Contribution to TED Circle on curious leadership: 26th September 2020

Last Saturday evening I was part of a TED Circle discussion on curious leadership thanks to an invitation from my friend Anurag Sharma. Here is what I shared there:


- Leaders need to develop the mindful knack of knowing when to step on and step off the pedals of divergent and convergent thinking so that they get into a beautiful, continuously flowing dance of equilibrium.

 

- We are all born curious but as we age and as the numerous tasks and decisions put pressure on our brain, it goes into a pattern identification mode to save on time and energy. This often makes it close the loop faster with incomplete information and thus jump to conclusions.
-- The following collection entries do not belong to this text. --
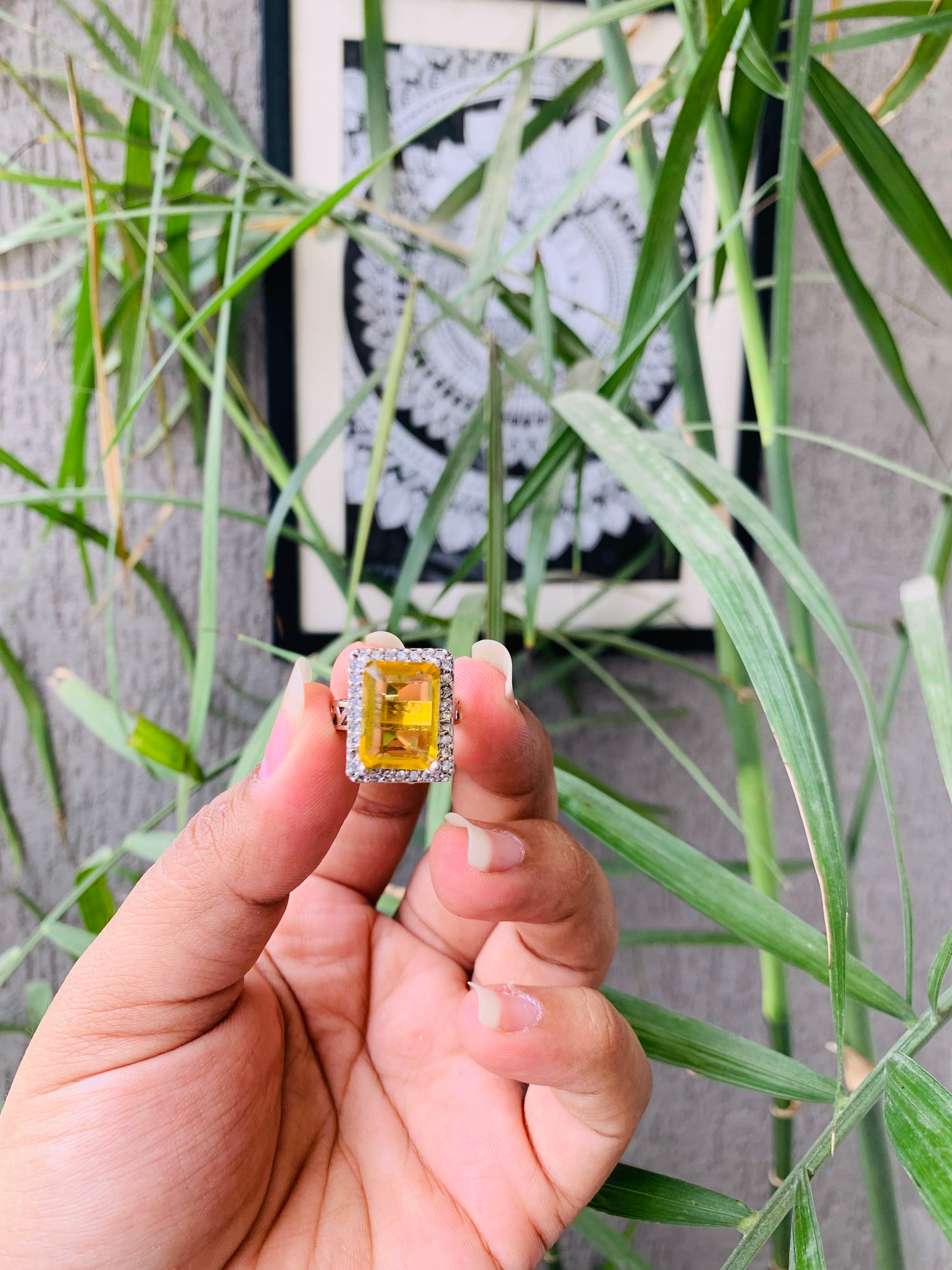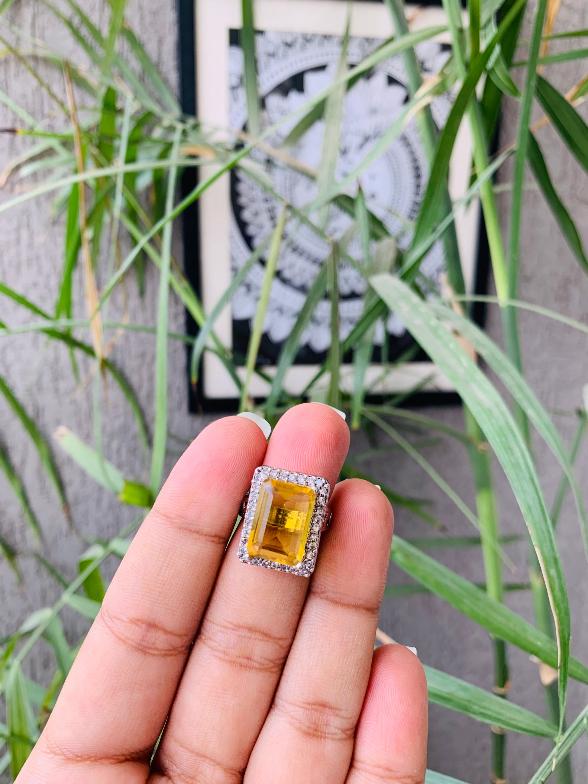 This stunning cocktail ring features a bold yellow stone surrounded by shimmering American diamonds. This unique piece is sure to make a statement and add a touch of glamour to any outfit. Crafted with expert precision and quality materials, this ring is perfect for any special occasion.
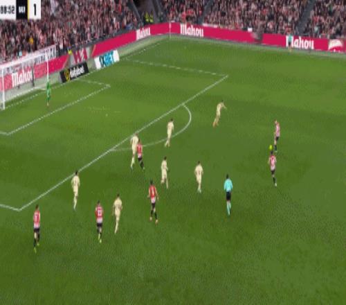 第68分钟 ,佩德里送出斜塞 ,亚马尔内切兜射破门!毕包0-1巴萨
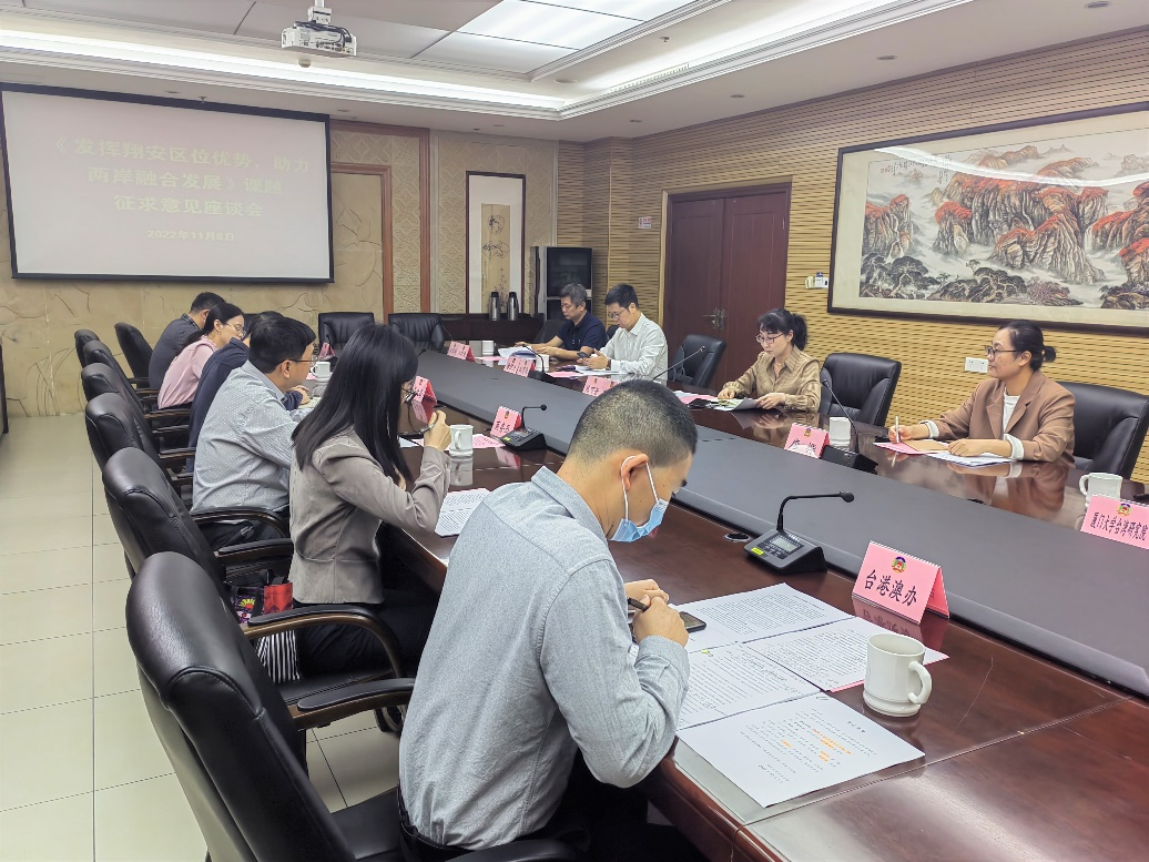 会议伊始,唐桦副教授从翔台经贸融合、翔安台胞的社会融入及社会参与、翔台文化融合等方面详细汇报了课题组研究成果,与会人员高度肯定了课题组的专业性。此后,各部门负责人结合自身部门的实操经验,针对两岸产业对接合作、台胞公共服务的供给、两岸文化融合等方面提出了宝贵的建议。
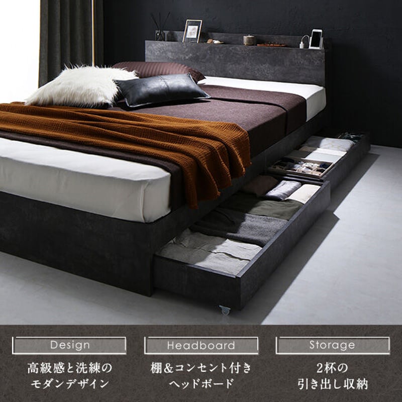 - ベッド・マットレス > ベッドフレーム > セミダブル・Newデザイン2杯収納コンセント付きベッド・ウッドブラック 9-5 セミダブル・Newデザイン2杯収納コンセント付・ダークグレー
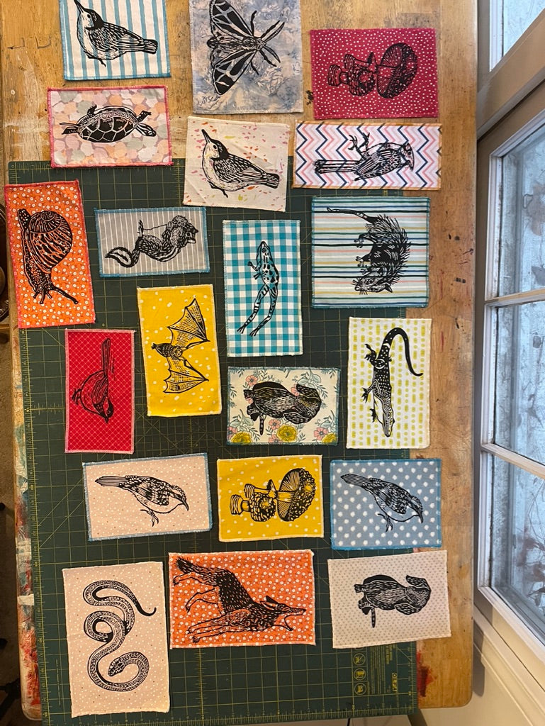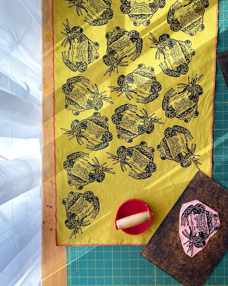 Create your own tea towel with Anna from Little Dog Print Shop. This class is appropriate for beginner printmakers. In this 4 hour class, you will learn to carve your own block from E-Z Carve printmaking material, practice printing on paper and fabric, and print your own tea towel from provided cotton or linen material. I will hem your tea towel after class and you will be able to pick it up in about 1 week. Class takes place at my home studio in Durham, NC. You will go home with your unique block, a set of handprinted cards, a variety of printed fabric scraps, and one tea towel (or two cotton napkins or one bandana). All supplies and light refreshments will be provided. We will be using sharp tools at your own risk. Safety guidelines will be discussed at the beginning of class.
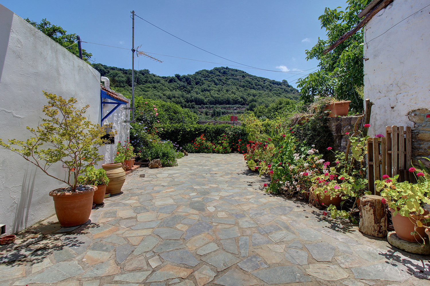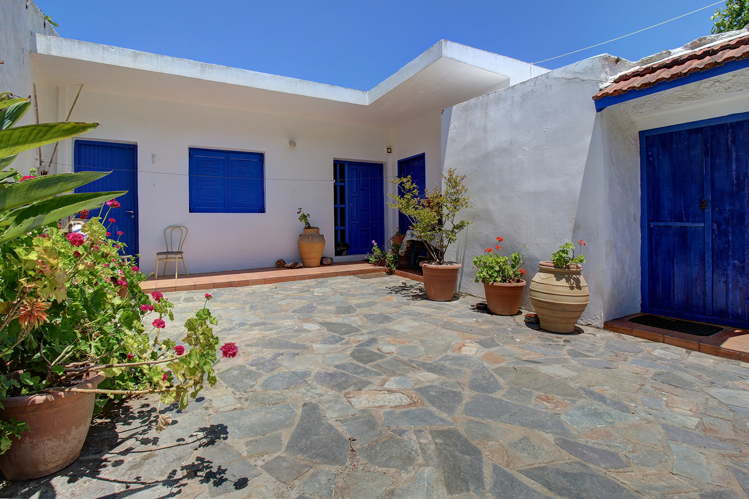 The property is in an old Venetian quarter of the municipality Platanias, about 20 minutes south from the center of the seaside Kolymbari. It is a beautiful restored residence, which is L-shaped and surrounds a stone-paved courtyard with a flower garden. An alley leads to the house, which is quite wide and therefore you can park your vehicle on the plot of the property.

This happens also because as Richard Bandler says, the strongest human instinct is to keep things familiar.

 

- Hence the more we can delay the closure of the circuit and the more mindful we are of our judgmental tendency, better it is for curiosity.

 

- I still remember the wise advice my senior lawyer Mr. Devraj Singh gave me when I went to learn with him in February 1999 – “Even if you have done a thousand murder trials, the thousand and first one would be very different”.

 

- So wipe your slate each time. This is not the same as reinventing the wheel each time. It's about being mindful of the difference of the road where we need ride the wheel.

 

- 40 years ago, the 'instant' noodle and coffee phenomena hit urban India and now we are compounded by what I will call as the Amazon/ FedEx syndrome jeopardising the slow movement philosophy whereas real connoisseurs know that the best tea and Dal Makhani are made over a low flame cooked slowly.

 

- Hence let us rediscover and live the slow movement philosophy to be curious again.

 

- Two questions that have helped me delay the circuit closure and remain curious are - 'What is this inviting me to be, do, become and have?' and 'What is right about this that I am not getting?'

 

- Both linear and non-linear thinking and personalities have their relative-place in the world. The key word here is relative.

 

- In the end I also referred to the non-linear interests of the character played by Vidya Balan in the movie Tumhari Sulu before she discovered her Ikigai as well as an interesting story from Paul Arden's book: Whatever You Think, knihT ehT etisoppO!